Both cerebral palsy and diabetes were associated with higher total time and travel costs compared with autism reflecting the nature of service provision for these conditions in both child and adult services. While there was no evidence of any association with total costs with age, we found some evidence of differences in costs by level of deprivation (though no clear trend displayed across the categories) and due to having transferred to adult services (which have lower costs relative to child services).

Decomposing the total costs per participant

As shown in Table 2, the time and travel costs were lower at time point 2 than at time point 1 by approximately £45.78. The potential reasons for this difference include different type of services accessed (i.e. adult or child - potentially as a result of transferring between services), changes in the cost of access per visit and changes in the number of visits attended.

In terms of different costs based on types of services accessed during the two time points, the total costs were lower in Adult Services – the coefficient in Table 2 is negative (− 47.17) and statistically significant (at 10% level), indicating weak evidence of a difference.

For the cost per visit (Table 3), there was evidence that the cost was lower at time point 2 compared with time point 1 (£2.70, p < 0.05). This decrease in cost was largely driven by the ASD patients with a statistically significant decrease of £1.93 (p < 0.05) per visit at time point 2.

Table 3 Differences in the number attendances and cost per visit

As shown in Table 3, we also found evidence of a difference in the number of different visits attended between the two time points overall (0.61, p < 0.05), however these differences were not statistically significant in the individual conditions, likely due to the small sample sizes.


Measuring costs in economic evaluations can be challenging, this is especially the case when estimating costs that fall on patients and their families of using care. Such costs are potentially important in all health care systems even those such as the UK NHS where care is often free at the point of use. Arguably, failure to capture such costs may lead to the inefficient allocation of resources from a societal perspective [21]. It has however been argued by some that such costs are not relevant as the focus should be on the use of the health care provider budget [1]. Whilst such arguments are, and have been, much debated the failure to measure such costs means that the impact on inequalities is not assessed – the costs of accessing health care almost by definition fall on those in ill health and disproportionately on the poorest in society who are the least able to bear them [22].

Prospective studies offer the opportunity to elicit such cost data directly from study participants and their families. Naively, it could be assumed that very detailed data could be collected from participants on an ongoing basis. In reality, the practicalities of research intrude, as new data collection is costly and imposes a considerable burden on participants and study staff. To alleviate this burden one solution is to elicit data only at fixed time points in a study follow-up. This then raises the question how often should such data be collected? The answers to such questions depend, in part, on the nature of the study question but to investigate this we looked at the time and travel costs of accessing care change when study participants with ongoing chronic conditions were going through very large transitions in care.

The individuals in our study each were living with one chronic condition (cerebral palsy, autism spectrum disorder or diabetes) and each was in the process of transferring from paediatric to adult services.
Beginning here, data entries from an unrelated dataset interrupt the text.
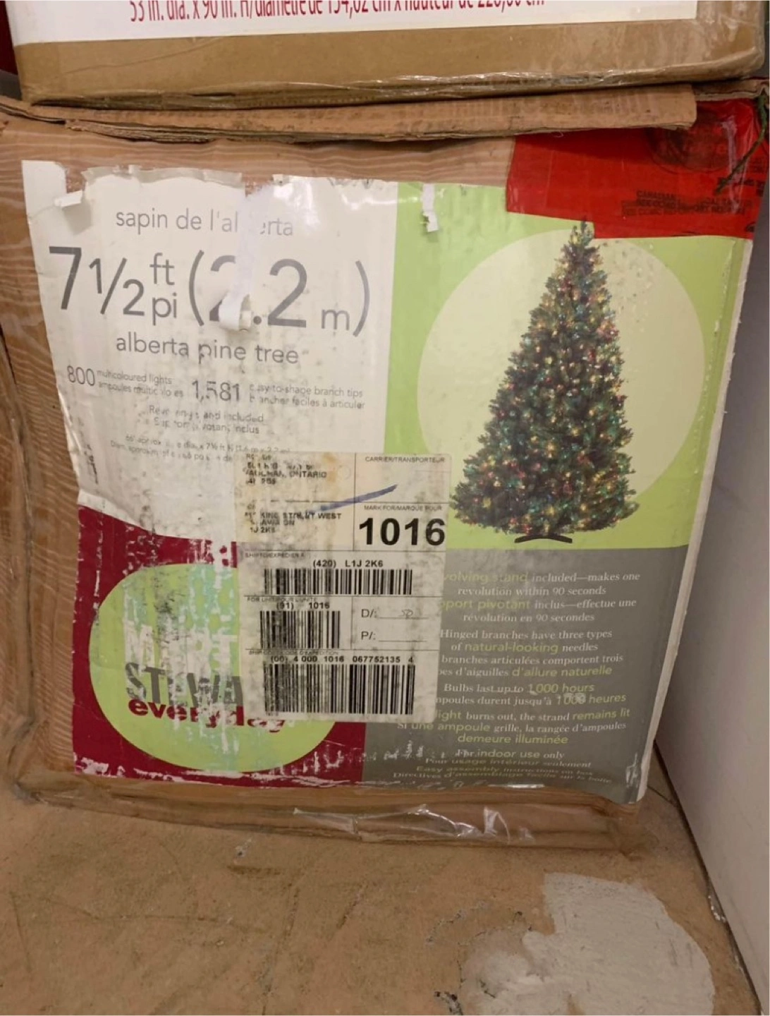 47Selling a 7 1/2 ft Alberta Pine Tree that comes with multicoloured lights! It also has easy-to-shape branch tips. The hinged branches feature three types of natural-looking needles, and the bulbs last up to 1000 hours. Revolving stand included - makes one revolution within 90 seconds. The box is included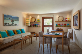 - 71-80 qm, Strandlage, Meerblick, Nichtraucher, Dusche, Badewanne, Haartrockner, Fliesen, Klimaanlage, individuell regulierbar, Minibar, Safe, TV (Sat-TV, Flachbildschirm), Kaffee/Tee, Balkon oder Terrasse (möbliert)
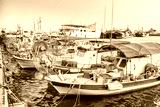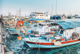 Small colorful fishing boats equipped with nets moored in the Limassol port, Cyprus island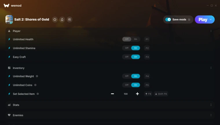 Salt 2: Shores of Gold "Трейнер +10 от WeMod: Здоровье, выносливость, опыт и пр"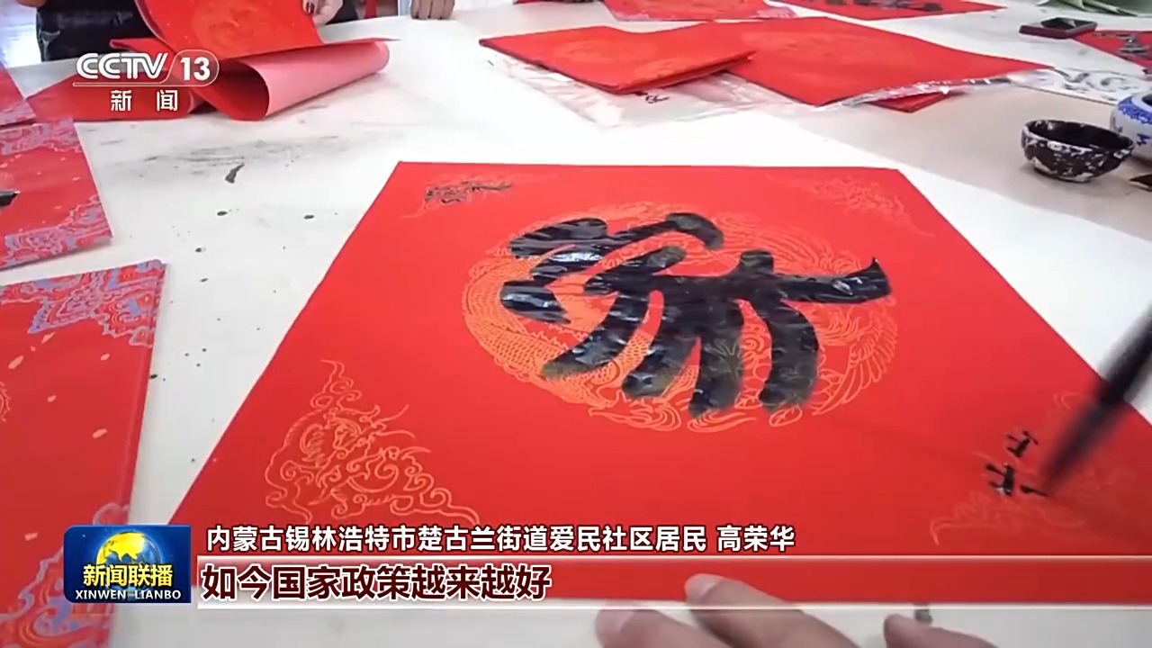 春節(jié)臨近,位于遼寧沈陽的長安小區(qū)十分熱鬧。社區(qū)的舞蹈隊正忙著排練節(jié)目,為新春表演做準備。書法愛好者現(xiàn)場揮毫潑墨,將祝福寫進一副副春聯(lián)中。

Participants provided information to estimate their costs of accessing care at two time periods and we found that the time and travel costs decreased by an average of £46 between the two follow-up periods, with the 95% Confidence Interval ranging from £-90 to -£2. We found that the difference in costs was potentially driven by the lower unit (time and travel) cost of a typical visit, lower number of attendances, followed by being in adult services. Nevertheless, although the difference in costs between the two time points was statistically significant, our study was likely to be underpowered due to low sample size available (n = 221), this meant that the confidence intervals surrounding the differences in costs may include differences that are not economically important. It should also be noted that, in the context of an economic evaluation, the focus is often not on statistically significant results but on the balance of probabilities with respect to cost (and effects) as assessed through either stochastic or probabilistic analyses.

In addition, an important consideration includes whether a reduction of £45.78 per participant at the second data collection point is economically meaningful. This depends on the relative balance between the costs and benefits gained from additional data collection. The benefits in this case would include gains in precision - in terms of efficiency and in terms of estimating the impacts on inequalities. The costs would include the total resource burden falling both on the study participants and the research budgets.
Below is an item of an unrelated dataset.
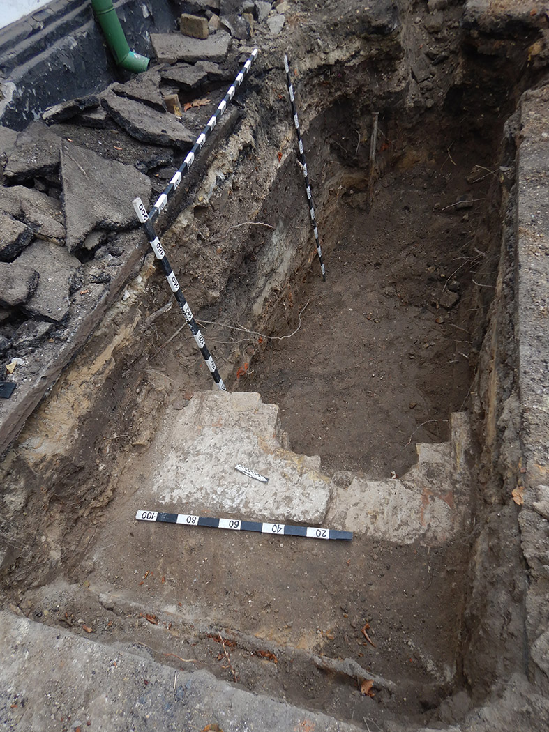 Для визначення стану пам’ятки архітектури – будівлі колишньої митрополичої бібліотеки (корп. № 5) з метою подальшої реставрації запрошене ТОВ «Медінжсервіс» розпочало її дослідження у 2018 р. Тоді було проведено обстеження інженерно-геологічних умов майданчика забудови споруди і визначено фізико-механічні властивості ґрунтів під цегляними фундаментами, які виявилися продовженнями стін. У двох із семи закладених на глибину до 0,9 м шурфах було виявлено заповнення двох об’єктів (шурфи 1, 7). На жаль, отримана фрагментарна інформація не була достатньою для визначення і датування цих об’єктів (іл. 1).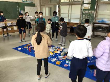 4年生は1年生にゴミの分別を教えました。ゲームで釣ったゴミの種類ごとに分別の仕方を優しく教えてくれました。

In the context of our study – in the clinical setting including mostly hospital visits and large numbers of people - the gains in efficiency resulting from the second data collection could be non-trivial. More specifically, the difference of £45.78 is equivalent to 33% of the cost to health services of a hospital visit (£138 on average) in the UK [23]. This could also be of particular importance in the broader context of economic evaluations of interventions that require regular monitoring and traveling [24, 25]. Also, given that the number of young people undergoing transition at any given point in time in the UK is approximately 156,000, the total societal impact of the estimated difference in costs would be substantial.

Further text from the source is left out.